Somewhat New to MFP and need advice

cbrister07
cbrister07 Posts: 34 Member
edited October 1 in Health and Weight Loss
First off, I have been on MFP a few months but this is my first post. I have lost 20 pounds so far using this great program. I used the program and put in my weight loss goals and things like that. It shows me having an 860 calorie deficit when eating 1200 calories per day. I try to keep within that range, but every now and then i slip and my intake is around 1300. I walk on my treadmill approximately 4 times a week usually for an hour. My big question is, if I earn say 350 calories from exercise and I eat 1200 calories that day do I need to eat some of those burned calories back? I've read posts on here and some say to eat them back and some not. Any suggestions for me?

Replies

  • If you are hungry...eat them, if not...don't.

    You need to a 3500 deficit to lose a pound, so as long as you are eating 1200 cal each day any you have from exercise could go ontop of the extra 500 you already have in the bank.

    500 x 7 = 1lb loss
    Plus your exercise at whatever rate you do.

    But never go hungry, if you do you will see more of a diet as opposed to a lifestyle change.
  • kacarter1017
    kacarter1017 Posts: 651 Member
    Well, this can be one big can of worms...

    I think the general feeling is that you should eat at least some, if not all, of them back. If you find that your weight loss stalls and there are no other issues with your eating plan, then try stopping the extra calories for a bit and see if it makes a difference.

    Every body is different and requires different calorie intake for the day. Most of us require a NET of at least 1200 calories to keep our bodies happy. That net caloric intake means intake after subtracting for exercise. In other words, eating the calories back. However, there are people out there who have very successful and safe weight loss journeys eating fewer calories than that.

    I would certainly start out making certain your net caloric intake is greater than 1200 and then go from there.
  • Xaspar
    Xaspar Posts: 726 Member
    Everyone has a slightly different formula of what works for them. I have often heard though that you shouldn't CONTINUOUSLY have a deficit of over 1000 calories per day. A once in a while thing, your body can manage and take in stride. Apparently, it takes about 3 days for your body to recognize the pattern (this may be why zig-zagging has proven effective for some people) and respond to it. Personally, I eat more daily but don't count my exercise calories unless it puts me over a 1000 deficit (rare).

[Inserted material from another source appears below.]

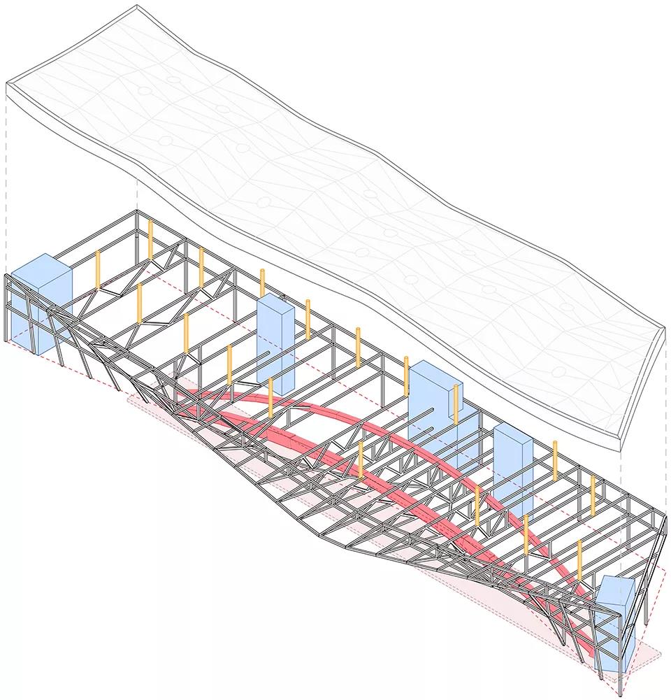 設計概念以三個獨立的公共樓層為基礎,通過在首層空間上方置入跨度超過100米的不對稱橋梁結構而得以實現。該橋梁結構由鋼桁架和鋼梁構成,并由兩個巨大的拱形鋼結構提供支撐,其外部包覆以鋼筋混凝土張力板。

    I set my calories at 1400 because that is less than the maintenance calories for the weight I want to be (1590). I figure if I don't go over for the weight I want to be (and eat a little under) I will get there eventually without much hassle (maybe a little slower) but any exercise calories are bennie as far as I am concerned.

    BUT, like I said, everyone is a little different. You may have to experiment a little to see what works for you. Some people swear that WHEN they eat their calories makes a big difference in how they burn calories also. DOesn't seem to make much difference to my system, so I do what is comfortable to me.
  • ebkins7
    ebkins7 Posts: 427 Member
    You should always TYR to NET 1200 calories... So if you eat 1200 calories but burn 300 for exercise you're body is really only getting 900 - Making your deficit greater like this can (not will) cause your body to enter "starvation mode" by eating back those calories your are helping keep balance in your body.

    I don't always eat back ALL of my exercise calories either but I do try to NET 1200... Hope this helps.
  • cbrister07
    cbrister07 Posts: 34 Member
    I do not want to put my body into starvation mode but if I eat back the calories that I burned from exercise it just seems like I'm exercising for nothing. This seems to be one of the things about exercising that is the most confusing.